Death penalty cases are rare everywhere, including Bucks County.  But they certainly exist.  

The right to a jury which has the ability to render a verdict according to the evidence despite the penalty which may be imposed extends to each party in a first degree murder case, whether or not the death penalty is sought.  A sentence of death is unlawful and cannot be carried out if the jury that imposed or recommended it was chosen by excluding veniremen (jurors) for cause simply because they voiced general objections to the death penalty or expressed conscientious or religious scruples against its infliction.  

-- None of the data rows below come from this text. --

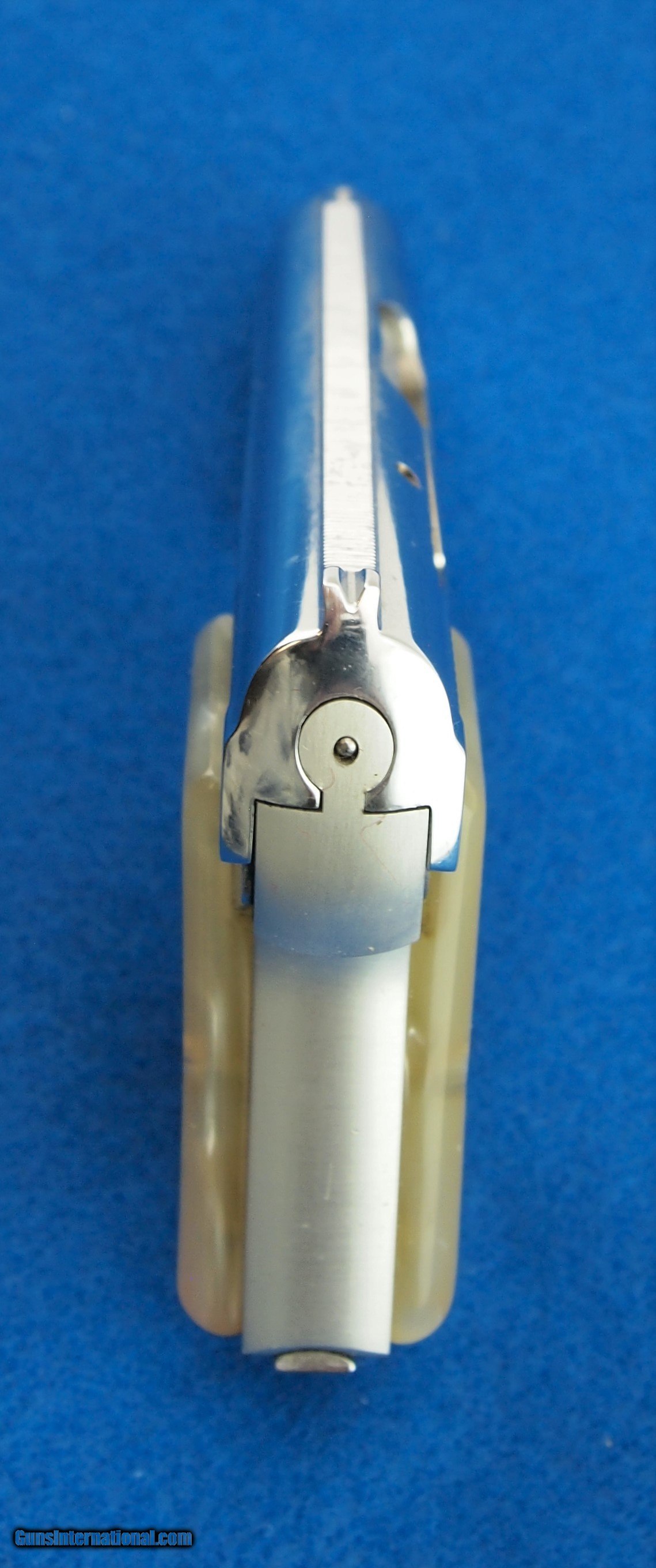 Description: Very Nice Browning Baby Belgium Nickel MFG 1967 .25 ACP WCase, 2" bbl, bright shiny bore, good rifling, Nickel finish, iron sights, pearl grips, original operation manual, original zipper pouch, and one 5 round magazine. What an addition this pistol will be to your collection! Add 3% for Credit Card Shipping $25.00 SOLD |
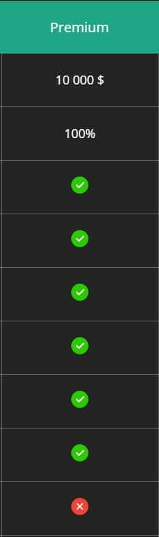 Третий тип счета, куда предлагают вкладывать деньги своим клиентам мошенники - это Premium. Тут минимальный депозит уже начинается от 10 000$.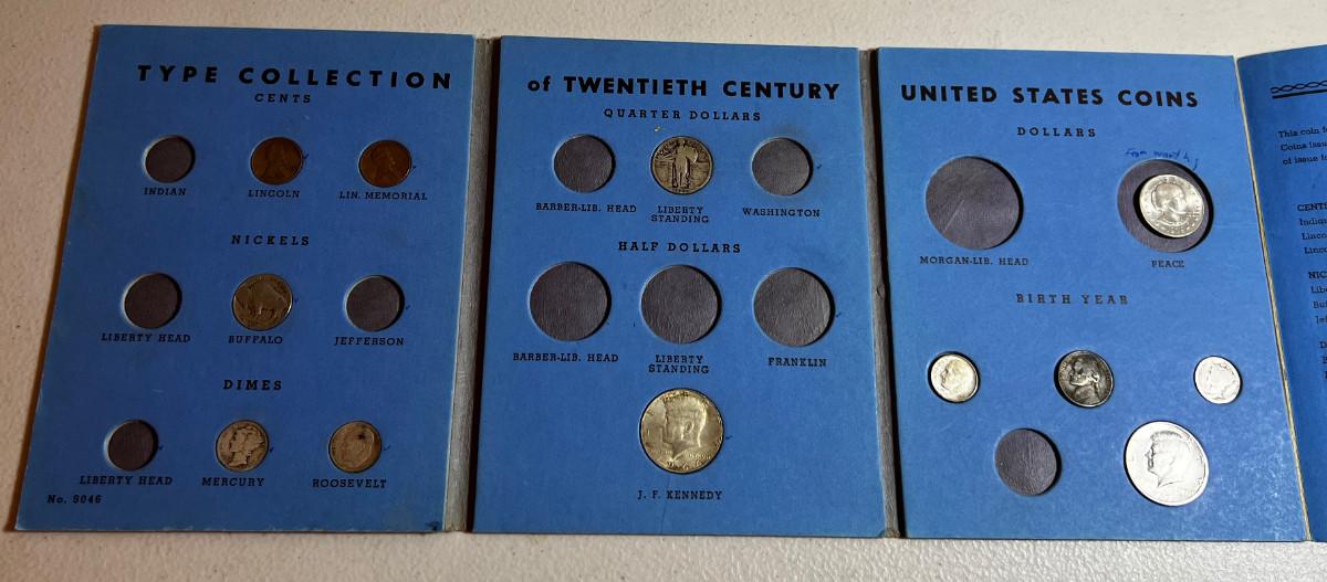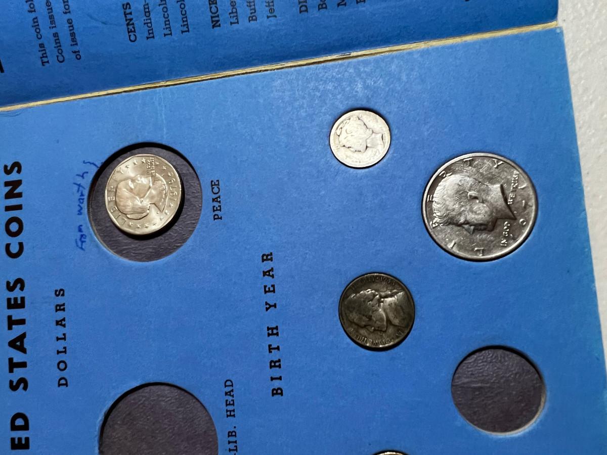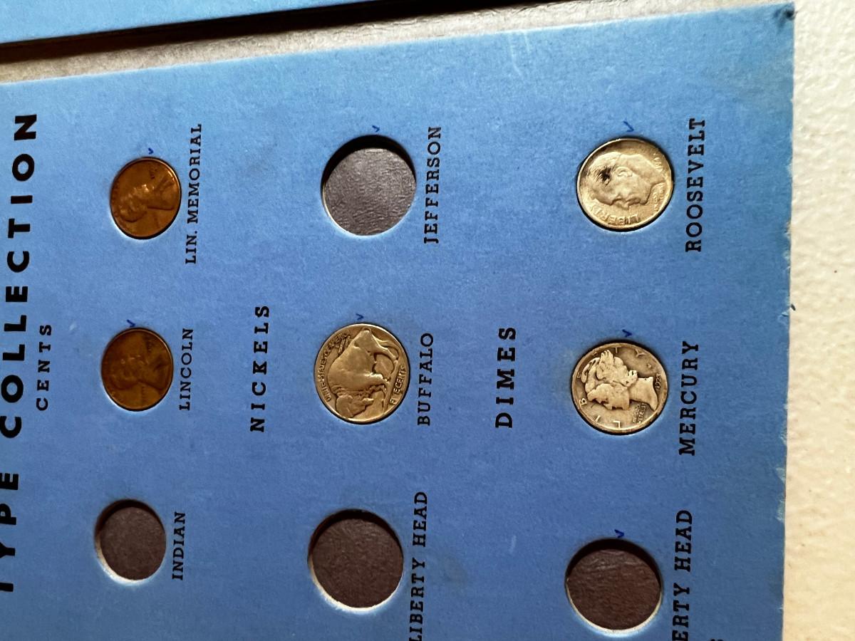 UP -- US Coin Book with Collectible Coins: Liberty Standing, Buffalo Nickle, Mercury Dime Plus More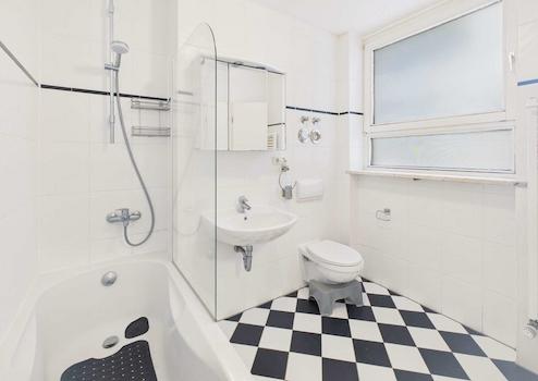 Tageslichtbad mit Fenster, Badewanne und Waschmaschinenanschluss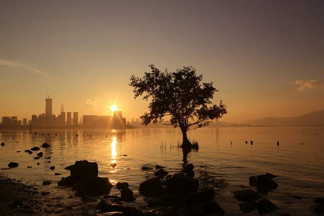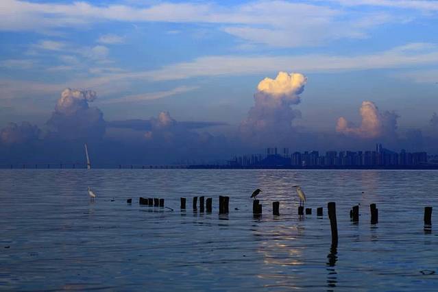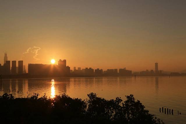 第二天早上到红树林的日出广场拍日出,深圳湾公园很大,早上有好多人跑步锻炼,从红树林滨海大道入口到日出广场步行差不多要半个小时,日出和日落的照片我真的分不清楚,不知道别人看不看得出了。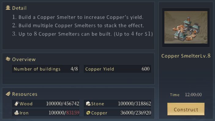 Lưu ý: khi xây dựng hoàn thành Xưởng luyện xu thì sản lượng của mỏ tài nguyên bị dùng xây xưởng xu sẽ bị mất đi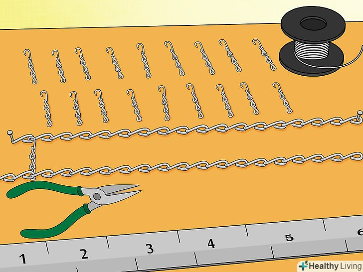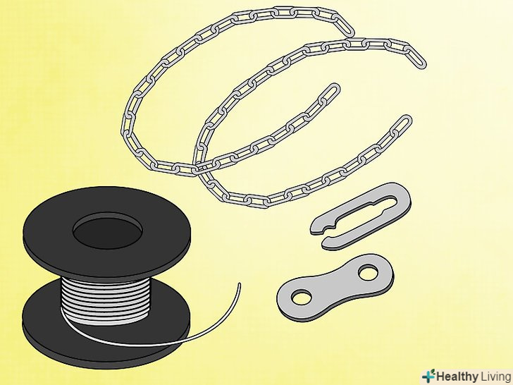 Зафіксуйте шматочки ланцюга, обмотані навколо обода і покришки, металевими кліпсами або дротом.також можна стягнути ланцюг болтами і гайками.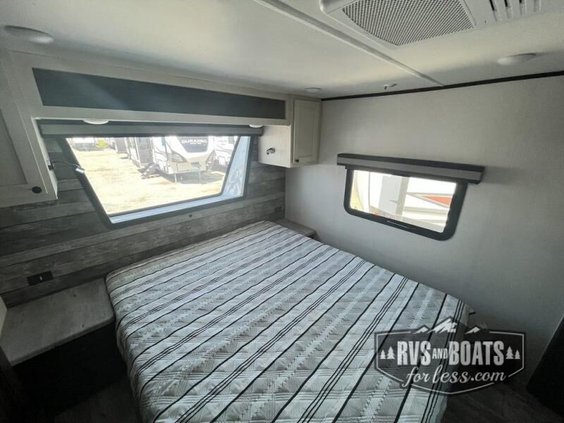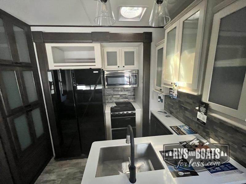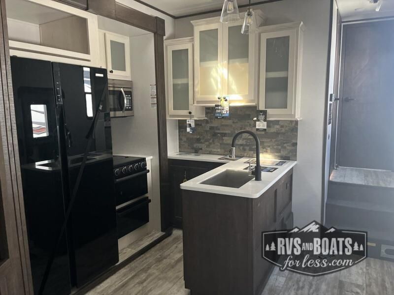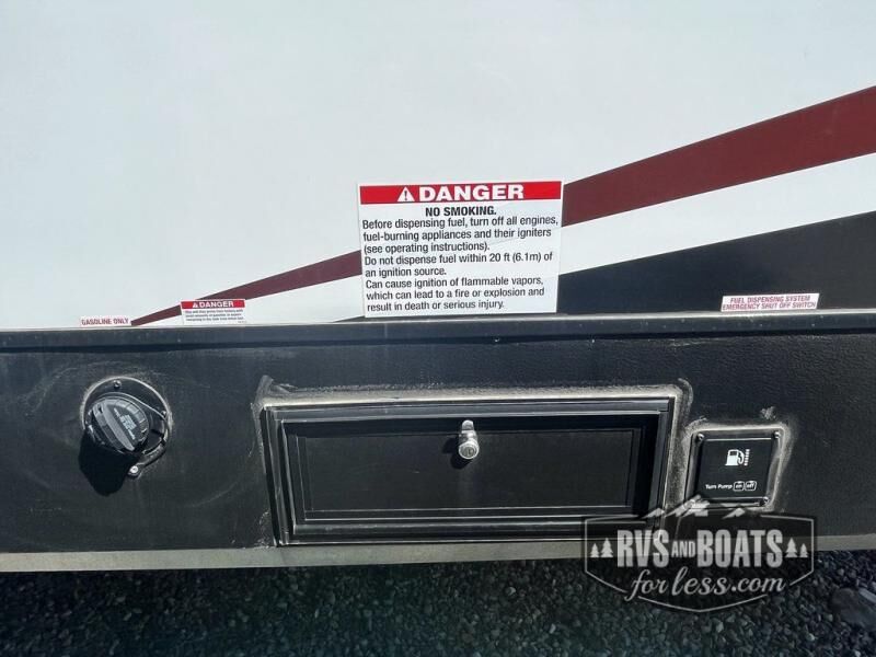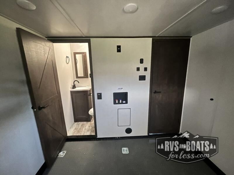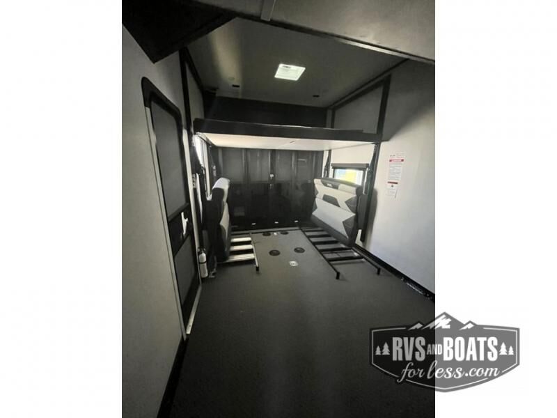 It's a clean decision with a bath and a half to take this toy hauler on your next vacation! There are plenty of sleeping spaces for everyone between the opposing sofas with a bed above them, a loft, and a king bed in the front private bedroom which also has a wardrobe slide. The 14' garage area has enough room for your toys and you can know they will arrive safely with the 5,000 lb. cargo tie downs. You even have a half bathroom in the garage area and one of the dual entry doors to the unit. Relax each night in true comfort on the sofa slide across from the electric fireplace at the entertainment center, and keep your belly full with the cast iron cooktop and 17" oven. Stay squeaky clean with the shower with a seat in the full bathroom too!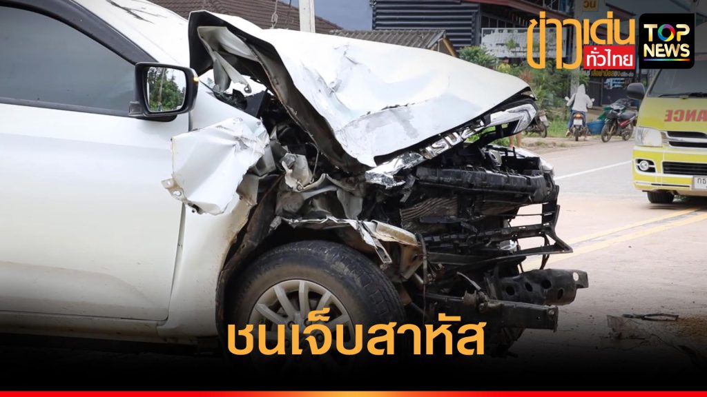 หนุ่มขับกระบะหักหลบ จยย.ข้ามเลนชนรถบรรทุก 6 ล้อเจ็บสาหัส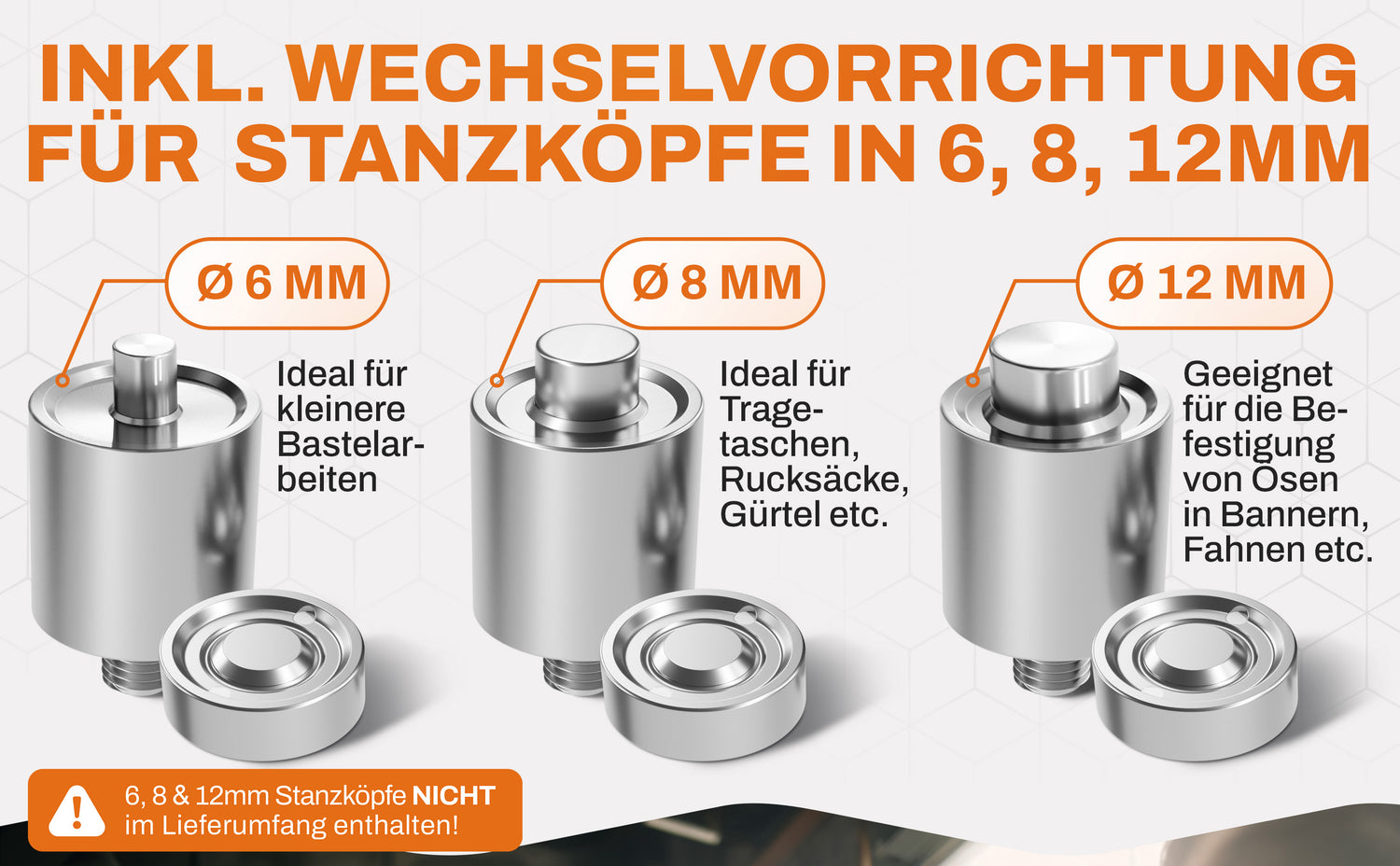 - ✅ ALLE GRÖSSEN VEREINT - Dank des Schraubgewindes lässt sich der Stanzkopf 10mm unserer Ösenzange Alpha mühelos austauschen – weitere Größen in 6, 8 & 12mm sind in unserem Amazon Shop erhältlich!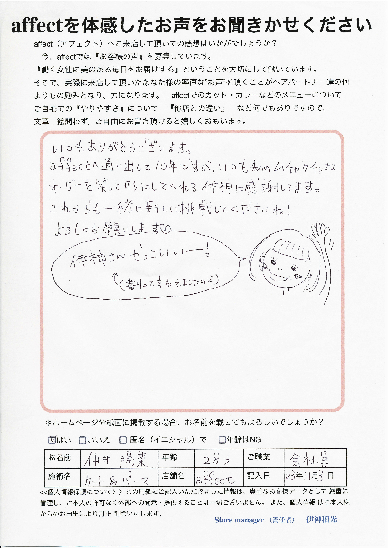 陽菜さんの”感性”とaffectの”感性”がいつも共に刺激し合い、数々のヘアデザインを楽しんでこれたことに感謝します。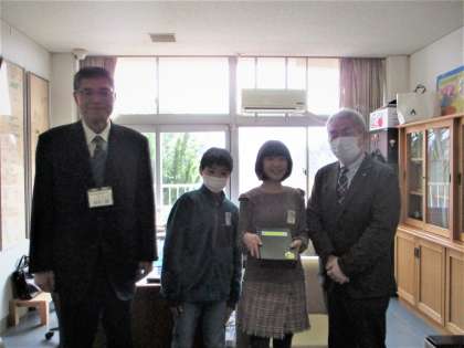 学校を代表して環境委員会の5年生の児童が受け取りました。学校をよりよくするために大切に使わせていただきます。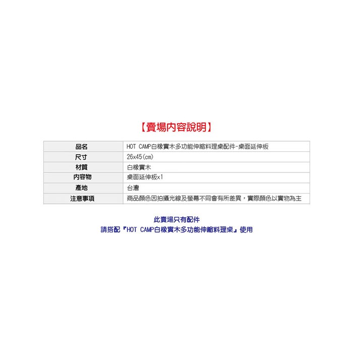 丹大戶外【HOT CAMP】白橡實木多功能伸縮料理桌配件-桌面延伸板 HC814 桌子│延伸桌│折疊桌

Only prospective jurors who are irrevocably committed, before the trial has begun, to vote against the penalty of death regardless of the facts and circumstances that might emerge in the case can be struck for cause.  Although it is clear that a conviction by an otherwise death-qualified jury will be reversed if the defendant an prove that the jury was prone to favor the prosecution in the determination of guilt, such a showing has yet to be made in a Pennsylvania or Bucks County court by a Bucks County criminal lawyer.  There is no constitutional requirement that each juror be "life-qualified."  Thus, while "life qualifying" questions are permitted, they are not required, and the absence of such questions alone does not implicate error by the trial court.  Similarly, the mere fact that counsel may not have asked the specific question as to whether a prospective juror would vote for a life sentence in the right case, does not necessarily mean that counsel was ineffective, especially if the jurors indicated that they will follow the law as instructed by the judge and that they would be fair and impartial.  Nor does it constitute ineffective assistance of counsel to fail to ask prospective jurors if they would automatically impose the death penalty.  

Nevertheless, a trial court may not refuse to allow all prospective jurors to be asked whether they would automatically impose the death penalty for first degree murder.  A defendant's death sentence was vacated when the court did not permit counsel to individually question all prospective jurors regarding the death penalty, notwithstanding whether they responded affirmatively to the life qualifying questions posed by the court during general voir dire.